- Records from a data source:
****************
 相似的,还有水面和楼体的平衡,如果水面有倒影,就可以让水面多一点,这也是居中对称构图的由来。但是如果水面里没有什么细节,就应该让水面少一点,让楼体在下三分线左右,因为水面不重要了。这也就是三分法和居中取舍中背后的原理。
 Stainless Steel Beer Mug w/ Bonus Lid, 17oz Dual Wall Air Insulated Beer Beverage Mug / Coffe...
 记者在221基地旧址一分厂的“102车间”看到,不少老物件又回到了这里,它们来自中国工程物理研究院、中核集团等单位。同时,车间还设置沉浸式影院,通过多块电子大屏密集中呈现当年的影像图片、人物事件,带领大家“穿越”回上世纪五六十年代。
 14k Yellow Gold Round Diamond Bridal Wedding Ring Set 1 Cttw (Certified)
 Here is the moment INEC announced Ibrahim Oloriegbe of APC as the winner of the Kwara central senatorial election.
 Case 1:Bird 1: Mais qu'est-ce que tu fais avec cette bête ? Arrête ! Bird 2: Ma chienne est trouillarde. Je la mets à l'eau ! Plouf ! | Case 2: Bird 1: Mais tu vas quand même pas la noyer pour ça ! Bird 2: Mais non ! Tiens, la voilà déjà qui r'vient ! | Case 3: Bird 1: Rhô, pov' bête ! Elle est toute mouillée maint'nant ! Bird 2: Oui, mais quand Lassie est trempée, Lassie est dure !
****************
- Your task:
Copy out each entry above with no deviation.

- Answer box:
 相似的,还有水面和楼体的平衡,如果水面有倒影,就可以让水面多一点,这也是居中对称构图的由来。但是如果水面里没有什么细节,就应该让水面少一点,让楼体在下三分线左右,因为水面不重要了。这也就是三分法和居中取舍中背后的原理。
 Stainless Steel Beer Mug w/ Bonus Lid, 17oz Dual Wall Air Insulated Beer Beverage Mug / Coffe...
 记者在221基地旧址一分厂的“102车间”看到,不少老物件又回到了这里,它们来自中国工程物理研究院、中核集团等单位。同时,车间还设置沉浸式影院,通过多块电子大屏密集中呈现当年的影像图片、人物事件,带领大家“穿越”回上世纪五六十年代。
 14k Yellow Gold Round Diamond Bridal Wedding Ring Set 1 Cttw (Certified)
 Here is the moment INEC announced Ibrahim Oloriegbe of APC as the winner of the Kwara central senatorial election.
 Case 1:Bird 1: Mais qu'est-ce que tu fais avec cette bête ? Arrête ! Bird 2: Ma chienne est trouillarde. Je la mets à l'eau ! Plouf ! | Case 2: Bird 1: Mais tu vas quand même pas la noyer pour ça ! Bird 2: Mais non ! Tiens, la voilà déjà qui r'vient ! | Case 3: Bird 1: Rhô, pov' bête ! Elle est toute mouillée maint'nant ! Bird 2: Oui, mais quand Lassie est trempée, Lassie est dure !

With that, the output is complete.